Ghana’s learning institutes and the country itself are breaking new ground. This is no child’s play.
Ghana has made its mark in the league of innovators world over by launching its first satellite into space. The satellite was sent into orbit from the International Space Centre after two years of hard work and a $50,000 investment into the project. GhanaSat1 was developed by students at All Nations University in Kaforidua with support from the Kyutech Institute of Technology in Japan.
In 2013, college students in Ghana launched a mini-satellite (the Deployable CanSat) the size of a soda can 165 meters into the sky on a big yellow balloon. The device recorded temperature and air pressure on its descent.
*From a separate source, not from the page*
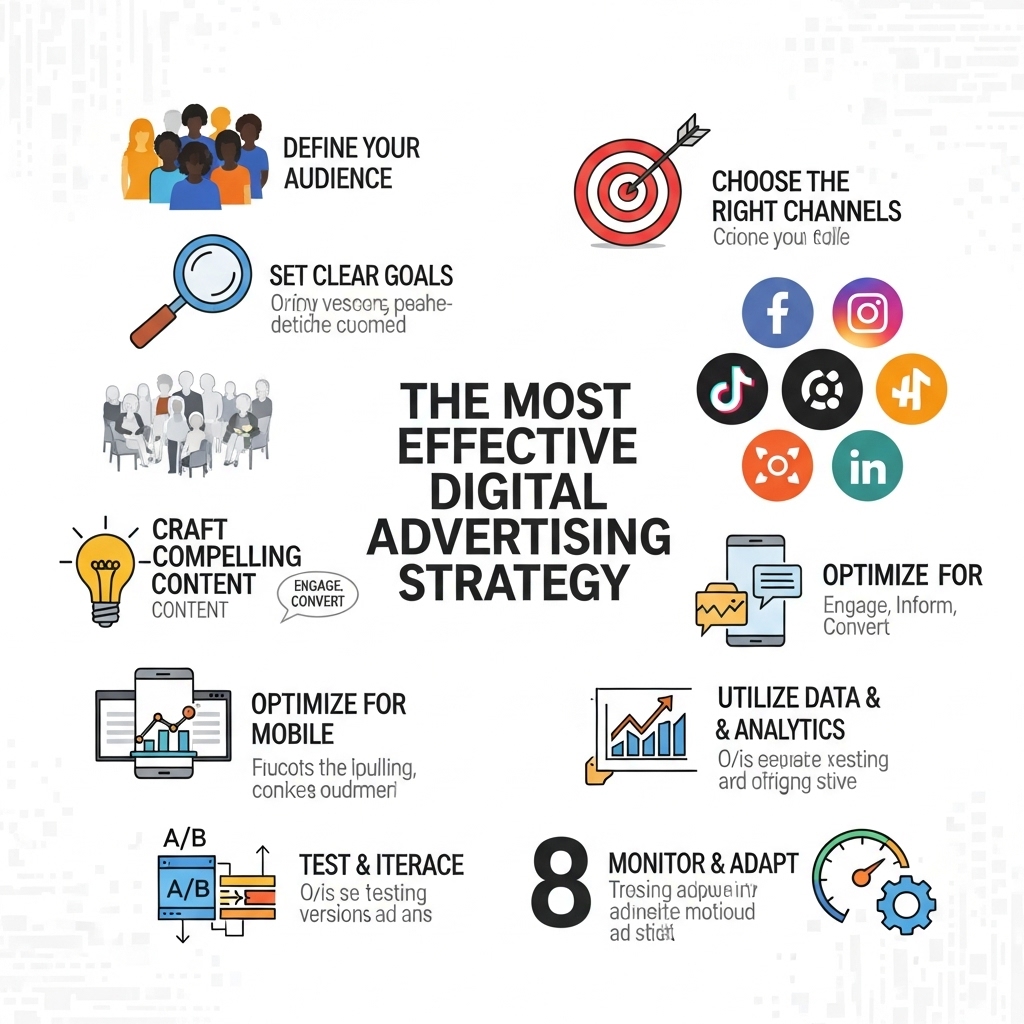 In conclusion, the most effective digital advertising strategy will depend on your business goals and target audience. By understanding your target audience, and using a combination of digital advertising strategies such as SEO, PPC, social media advertising, influencer marketing, and content marketing, you can increase brand awareness, drive traffic and sales, and establish your brand as a thought leader in your industry. Remember to measure and optimize your digital advertising strategy regularly, and make data-driven decisions to increase its effectiveness. With the right digital advertising strategy, you can reach and engage with your target audience, and drive business results.

It was a far cry from what GhanaSat1 would be but a start of something big nonetheless.
Prosper Ashilevi, the director of the then one year old Ghana Space Science and Technology Center said, “We hope that this practical demonstration of what can be done by students like them will generate more enthusiasm, fire up their imagination to come up with more creative things, and show that it’s possible that they’ll one day be able to launch their own real satellite into orbit.” He and his team were fighting a cynical public which did not believe they could pull it off. The soda can sized satellite might have been a great joke to tell among the doubters but four years after, the space center has seen its full sized satellite shoot into space. Whereas the Deployable CanSat went 165 meter, GhanaSat 1 will orbit 400km above the earth.
The satellite program was not only technically challenging to pull off but was a societal minefield. The country has a poverty headcount ratio of 24.2% and questions were therefore raised about the government’s priorities when it embarked on a space program which sparked enthusiasm for satellite building. President of All Nations University, Samuel Donkor highlighted this in 2013 when he said, “They (the people) think it is a pipe dream, a waste of money.” He added, “Some wonder why we couldn’t concentrate on our problems of water, sanitation, health, all those things. I categorically disagree. Space will help African countries who are very serious with it to leapfrog their development because it cuts across all sectors of the economy.”
All that potential is now to be realised.
The 1000 gram satellite which is dubbed the fist university satellite in sub-Saharan Africa was sent into orbit on the 7th of July 2017 from the International Space Centre. 400 people watched the deployment of the cubesat which will monitor Ghana’s coastline and to build capacity in space science and technology. When questioned on the benefits Ghana will get from the satellite, the technical engineer of GhanaSat 1, Mr Ernest Matey told Radio Ghana, “First, I believe for the pride of it that Ghana has also entered into space. It is enough heritage for the country,” before adding, “Space science opens for more technological exploit for which we believe that this first satellite will open doors for it.”
He also said it was essential for capacity building in building even more satellites in the country.
Godfred Frempong, chief scientist at the Ghana’s Science and Technology icy Research Institute had previously emphasised the role of a regional satellite to pursue a common agenda which is local in nature. He argued that, “Ghana, for example, illegal mining is destroying our environment. So if we have a satellite we can use it to pinpoint where activity is going on. This would perhaps not be activity of interest to the US, but it is of interest to us.”
Ghana’s learning institutes and the country itself are breaking new ground. This is no child’s play. It is an overlooked African country claiming its spot among the big boys of global innovation. It is a warning shot of bigger things to come. Africa will not be ignored.